S       <- matrix(rep(rho, k*k), nrow=k)
diag(S) <- 1

dat <- mvrnorm(10000, mu=rep(0,k), Sigma=S) ### be patient!

R <- cor(dat)

system.time(RI1 <- solve(R))
system.time(RI2 <- chol2inv(chol(R)))
system.time(RI3 <- qr.solve(R))

all.equal(RI1, RI2)
all.equal(RI1, RI3)

Quindi, questo è un esempio di una matrice di correlazione per la quale vogliamo l'inverso. Sul mio laptop (Core-i5 2,50 Ghz), impiega 8-9 secondi, impiega poco più di 4 secondi e impiega 17-18 secondi (si consigliano più esecuzioni del codice per ottenere risultati stabili).2000×2000solvechol2inv(chol())qr.solve()
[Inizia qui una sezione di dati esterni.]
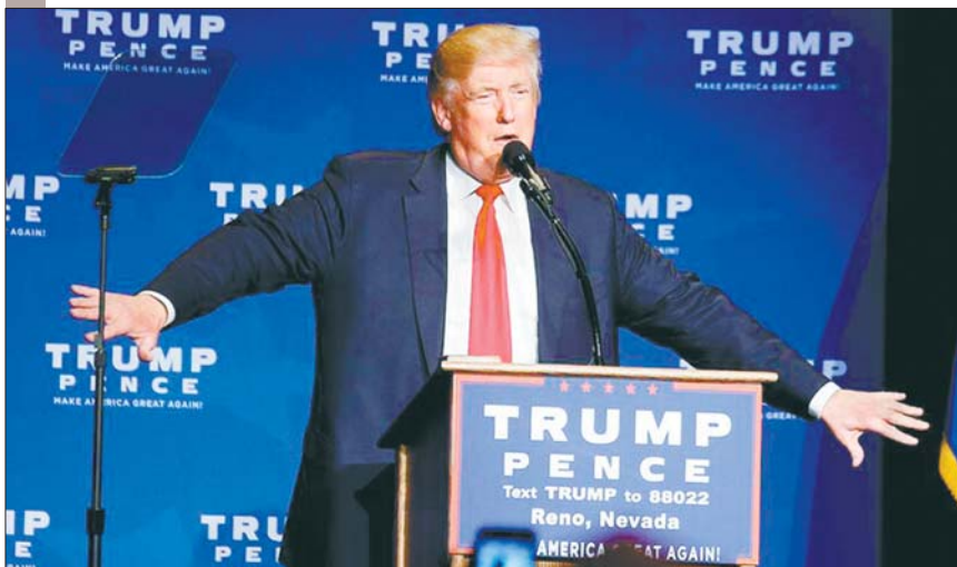
③ 突发事态平息后,特朗普重新回到讲台继续发表演讲,并称赞特工表现“非常出色”。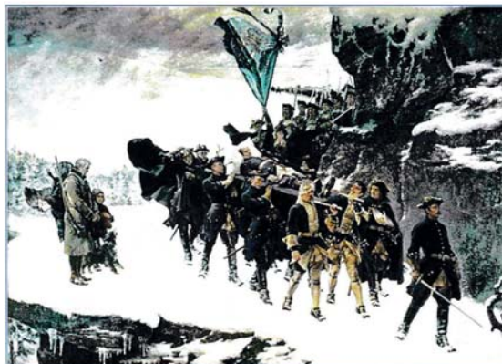
Et kort som foreviger en begivenhet under den store nordiske krig 1700-1721: Kong Karl XIIIs legeme bæres over grensen fra Norge etter at han ble skutt og drept ved Fredriksten festning 11. desember 1718.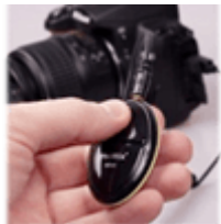
Пульты ДУ и пусковые тросики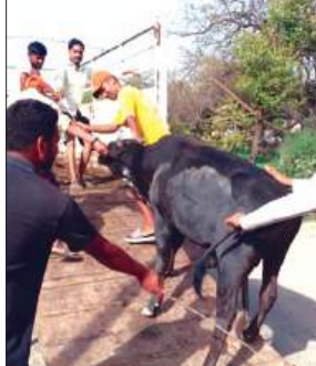
गौवंश पकड़ने पालिका कर्मी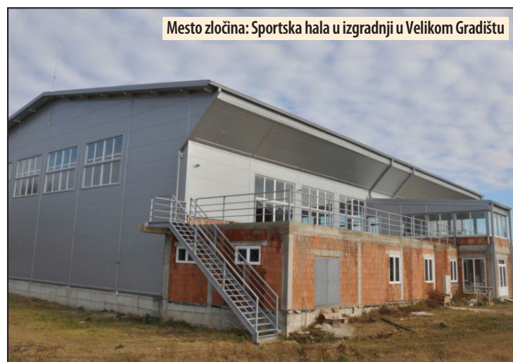
Mesto zločina: Sportska hala u izgradnji u Velikom Gradištu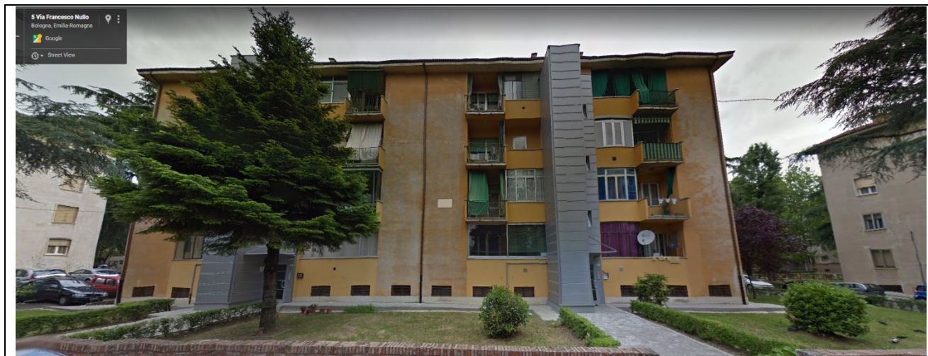
Prospetto fronte principale

Quindi l'inverso attraverso la decomposizione di Choleski è circa il doppio della velocità solve. Naturalmente ci possono essere modi ancora più veloci per farlo. Ho appena esplorato alcuni dei più ovvi qui. E come già accennato nei commenti, se la matrice ha una struttura speciale, probabilmente questa può essere sfruttata per una maggiore velocità.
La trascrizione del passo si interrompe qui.